The 2114 had been reported with injector problems on its westward trip to
Clare. Some fishermen fishing under a trestle west of Eastwood reported
being soaked by water as the engine passed, evidently overflow that wasn't
being picked up by the injector. I don't remember whether the water pump
was OK or not; evidently it was not, because that should have been the
primary water supplier while working on the road.
The engineer was a noted low-water man and seemed to want to continue to be
on an engine with known injector and water pump problems.
There was a telegraph pole in the vicinity which had a short length of pipe
with a 45-degree ell on the end of it sticking out, a souvenir of the power
of steam. I noted it every trip past Eastwood when I was riding on the
south side of an engine.
Ed King - ARFE Portsmouth, 1962-1965.
From: NW Mailing List
Sent: Thursday, April 04, 2019 12:06 PM
To: NWHS LIST
Subject: 2144 explosion
Some details from the ICC report on the 2114 explosion by Eastwood, Ohio.
The force of the explosion tore the boiler from the chassis; tore the
interior and exterior firebox sheets away from the shell section of boiler.
The boiler shell was blown upward and descended 130 feet forward and 6 feet
south of the track with the combustion chamber end down, depressing a hole 6
feet deep in the embankment; the boiler bounded forward, striking the
smokebox section on the rails, then rebounded, coming to rest headed east at
an angle approximately 45 degrees to the track with the smokebox end 275
feet forward from point of accident and 16 feet north of center line of
track.
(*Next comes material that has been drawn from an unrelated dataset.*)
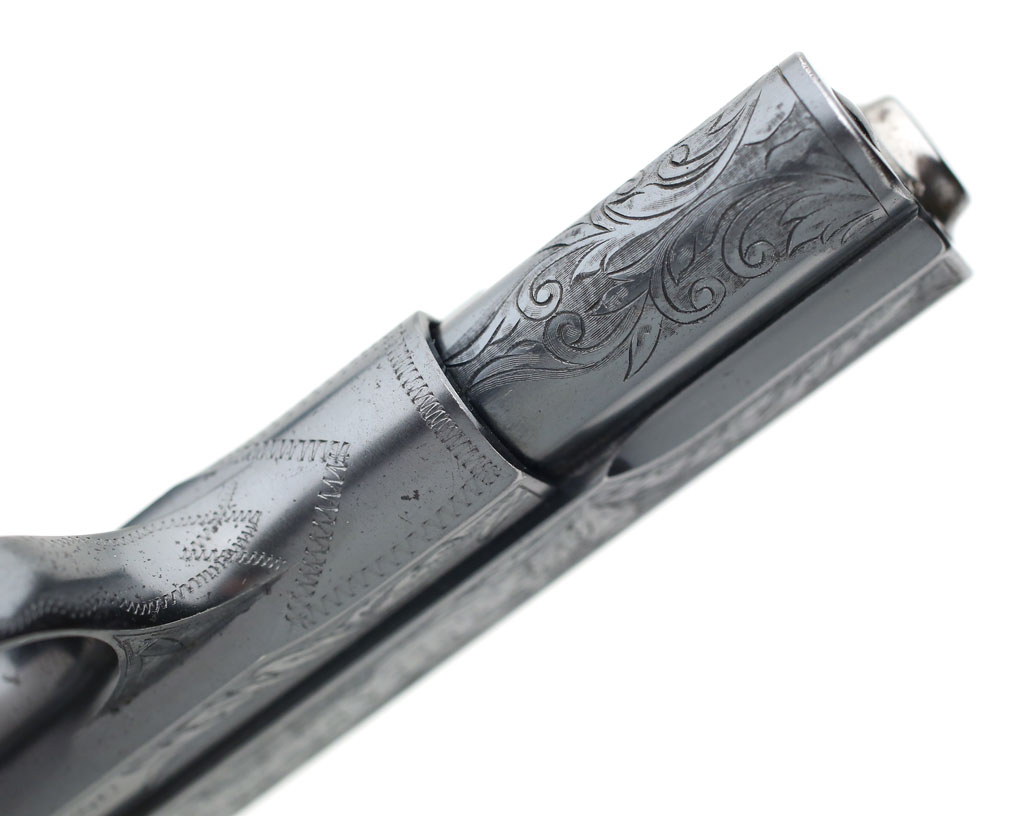 Colt Model 1903 Pocket Hammerless .32 ACP factory master engraved - serial number 382938, factory master engraved by William H. Gough, distinctive five pointed star engraved on rear of frame. This star appears on other known examples of Gough's work.

The roof sheet with left side wrapper sheet and upper section of
boiler back head attached was blown forward 475 feet and 46 feet north of
center line of track; the rear section of crown sheet with a section of the
door sheet and major portions of the side sheets attached was blown 62 feet
rearward and 30 feet north of the center line of track; part of right side
wrapper sheet was blown 675 feet f
orward and 234 feet north of center line of track; the lower section of the
boiler back head extending below the arch tube plugs was blown 130 feet
forward and 212 feet north of center line of track; the lower section of the
smokebox was badly distorted and torn approximately 40 percent through its
lower rear circumference; the smokebox front was blown 573 feet forward and
37 feet north of center line of track. The cab was blown rearward 557 feet
and 72 feet north of center line of track. Various other parts were found
within a radius of 600 feet from the point of explosion. The chassis of the
locomotive with tender attached moved forward about 385 feet and came to a
stop with all of the wheels of locomotive and tender derailed. The first
three stock cars of the train, loaded with hogs, were derailed; one of these
was turned over and the other two were slewed on their trucks.
The engineer's body was found in a field 530 feet west and 127 feet south of
the point of explosion. The fireman's body was found in a field 112 feet
west and 200 feet north of the point of accident.